Your task -
The answer must consist solely of the lines below starting at the one containing "榎木田 二美弘さんの総格は39画の5点!" and ending at the one containing "計測結果を比較すると「主要コ", repeated exactly, with both ends included and all pictures omitted.

Source data -

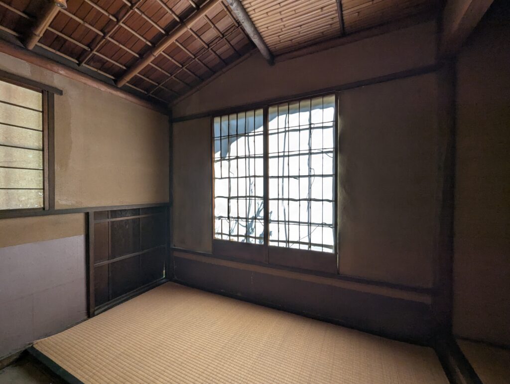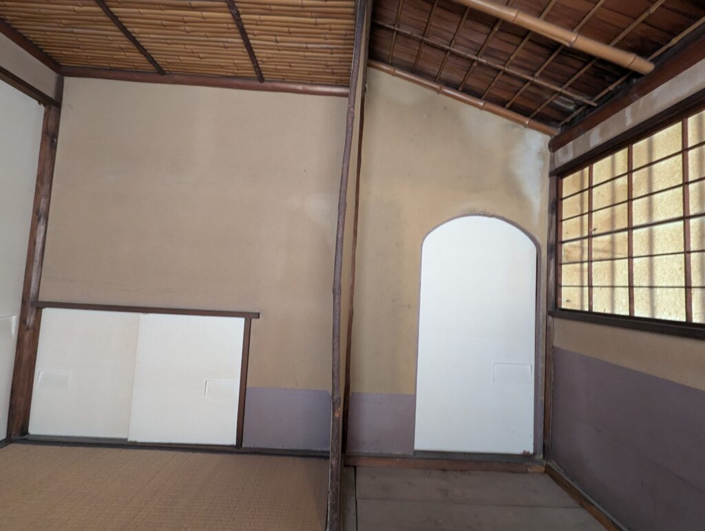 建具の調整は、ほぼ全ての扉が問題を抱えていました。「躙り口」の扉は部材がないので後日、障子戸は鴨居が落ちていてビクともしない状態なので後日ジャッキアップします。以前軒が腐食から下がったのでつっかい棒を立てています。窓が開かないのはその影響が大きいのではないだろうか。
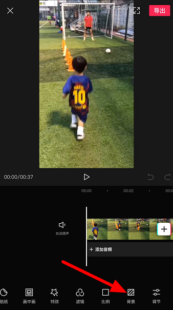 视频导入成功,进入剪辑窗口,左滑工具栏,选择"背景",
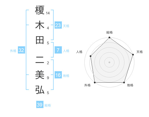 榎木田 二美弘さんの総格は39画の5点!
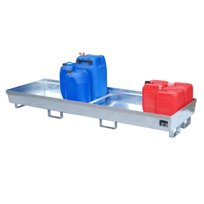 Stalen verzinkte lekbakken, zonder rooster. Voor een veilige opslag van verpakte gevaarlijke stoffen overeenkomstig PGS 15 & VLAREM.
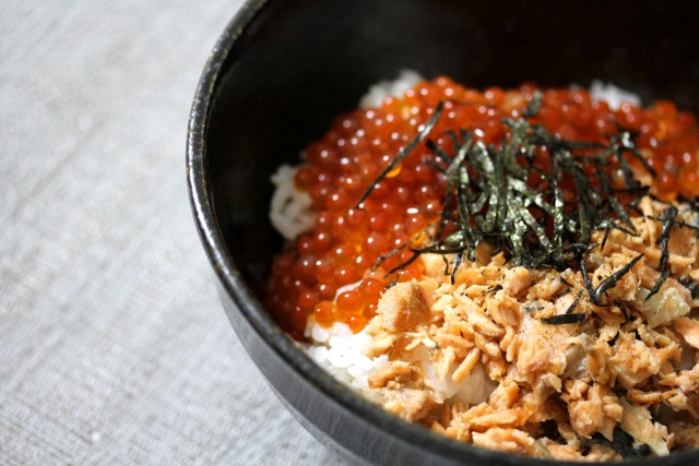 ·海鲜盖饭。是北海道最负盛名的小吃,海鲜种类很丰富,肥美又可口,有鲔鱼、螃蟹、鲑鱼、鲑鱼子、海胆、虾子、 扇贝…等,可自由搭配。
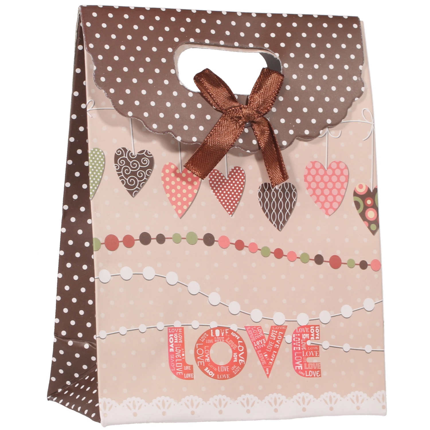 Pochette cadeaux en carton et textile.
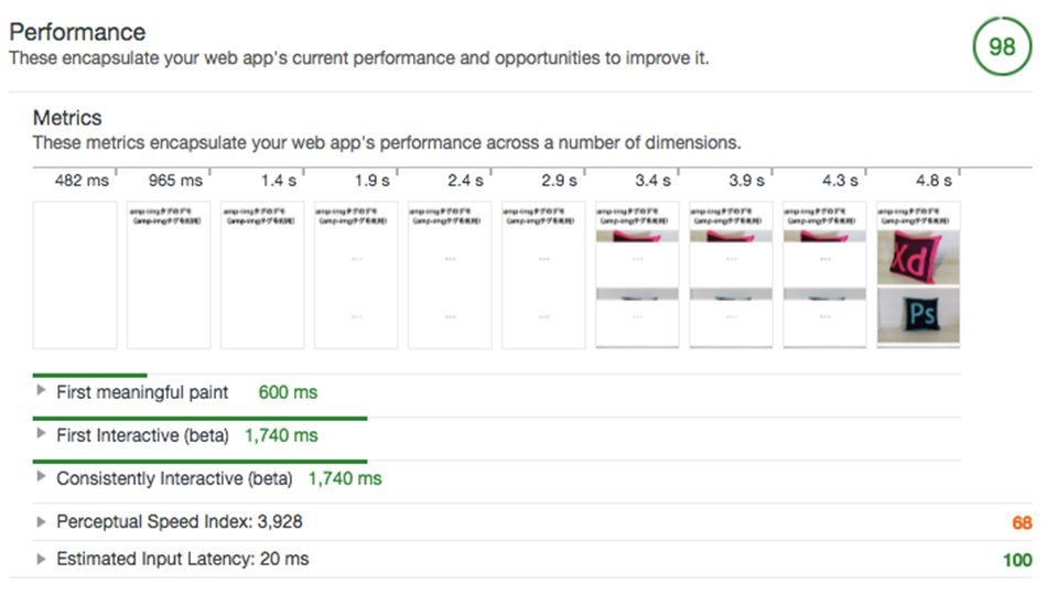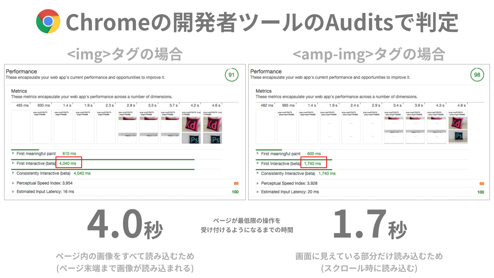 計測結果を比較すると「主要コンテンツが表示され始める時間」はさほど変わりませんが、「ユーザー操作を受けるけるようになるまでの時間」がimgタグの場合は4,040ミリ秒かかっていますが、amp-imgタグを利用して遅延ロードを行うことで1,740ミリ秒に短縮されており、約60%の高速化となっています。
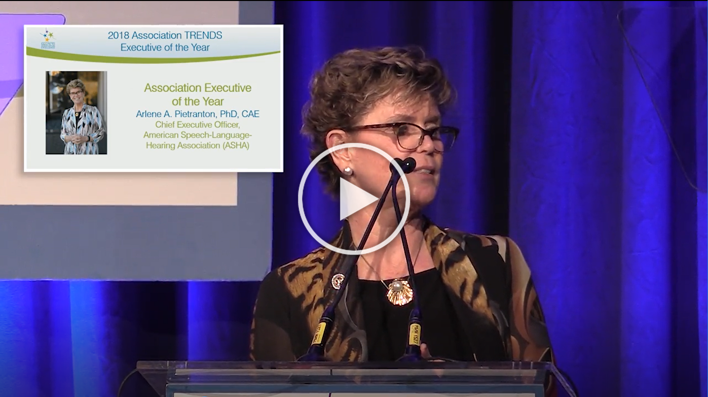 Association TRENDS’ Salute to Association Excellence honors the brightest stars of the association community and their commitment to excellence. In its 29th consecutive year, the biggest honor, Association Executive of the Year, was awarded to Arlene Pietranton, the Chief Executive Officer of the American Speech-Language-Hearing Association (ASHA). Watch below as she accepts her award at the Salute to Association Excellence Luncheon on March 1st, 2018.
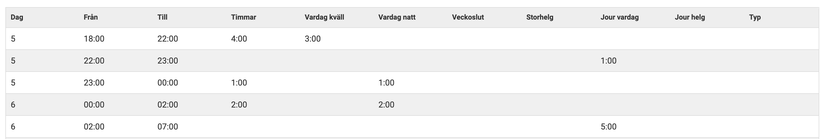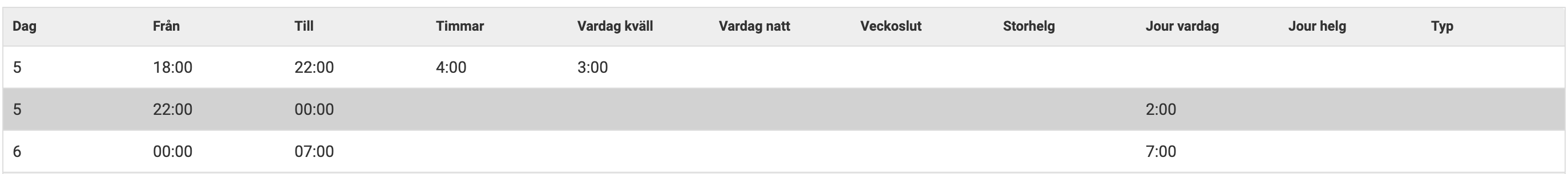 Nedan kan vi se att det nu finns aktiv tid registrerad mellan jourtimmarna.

==

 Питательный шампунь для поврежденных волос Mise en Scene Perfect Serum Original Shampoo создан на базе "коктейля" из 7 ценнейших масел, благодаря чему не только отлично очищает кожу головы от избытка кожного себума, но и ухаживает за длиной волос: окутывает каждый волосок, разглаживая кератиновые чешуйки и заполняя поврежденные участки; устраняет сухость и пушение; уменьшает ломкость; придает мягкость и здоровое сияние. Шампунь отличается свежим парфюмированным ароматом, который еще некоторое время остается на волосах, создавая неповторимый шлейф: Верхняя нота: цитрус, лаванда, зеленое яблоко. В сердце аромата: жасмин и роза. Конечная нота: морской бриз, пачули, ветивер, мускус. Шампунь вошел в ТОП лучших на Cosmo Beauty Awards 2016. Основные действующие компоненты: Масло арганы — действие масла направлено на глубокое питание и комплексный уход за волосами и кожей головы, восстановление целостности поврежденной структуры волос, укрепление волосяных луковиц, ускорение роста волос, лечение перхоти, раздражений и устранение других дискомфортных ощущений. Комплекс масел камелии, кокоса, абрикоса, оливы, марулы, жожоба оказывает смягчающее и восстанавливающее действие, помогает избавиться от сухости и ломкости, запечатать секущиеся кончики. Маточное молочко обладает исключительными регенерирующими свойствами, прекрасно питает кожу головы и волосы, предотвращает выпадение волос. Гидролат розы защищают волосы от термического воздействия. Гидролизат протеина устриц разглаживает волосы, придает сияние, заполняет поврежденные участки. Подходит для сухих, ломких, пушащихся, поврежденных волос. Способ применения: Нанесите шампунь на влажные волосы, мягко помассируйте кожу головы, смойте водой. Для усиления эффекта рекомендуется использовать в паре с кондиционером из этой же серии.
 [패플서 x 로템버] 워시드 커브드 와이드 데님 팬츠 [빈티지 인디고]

Problem solution -
 榎木田 二美弘さんの総格は39画の5点!
 Stalen verzinkte lekbakken, zonder rooster. Voor een veilige opslag van verpakte gevaarlijke stoffen overeenkomstig PGS 15 & VLAREM.
 ·海鲜盖饭。是北海道最负盛名的小吃,海鲜种类很丰富,肥美又可口,有鲔鱼、螃蟹、鲑鱼、鲑鱼子、海胆、虾子、 扇贝…等,可自由搭配。
 Pochette cadeaux en carton et textile.
 計測結果を比較すると「主要コンテンツが表示され始める時間」はさほど変わりませんが、「ユーザー操作を受けるけるようになるまでの時間」がimgタグの場合は4,040ミリ秒かかっていますが、amp-imgタグを利用して遅延ロードを行うことで1,740ミリ秒に短縮されており、約60%の高速化となっています。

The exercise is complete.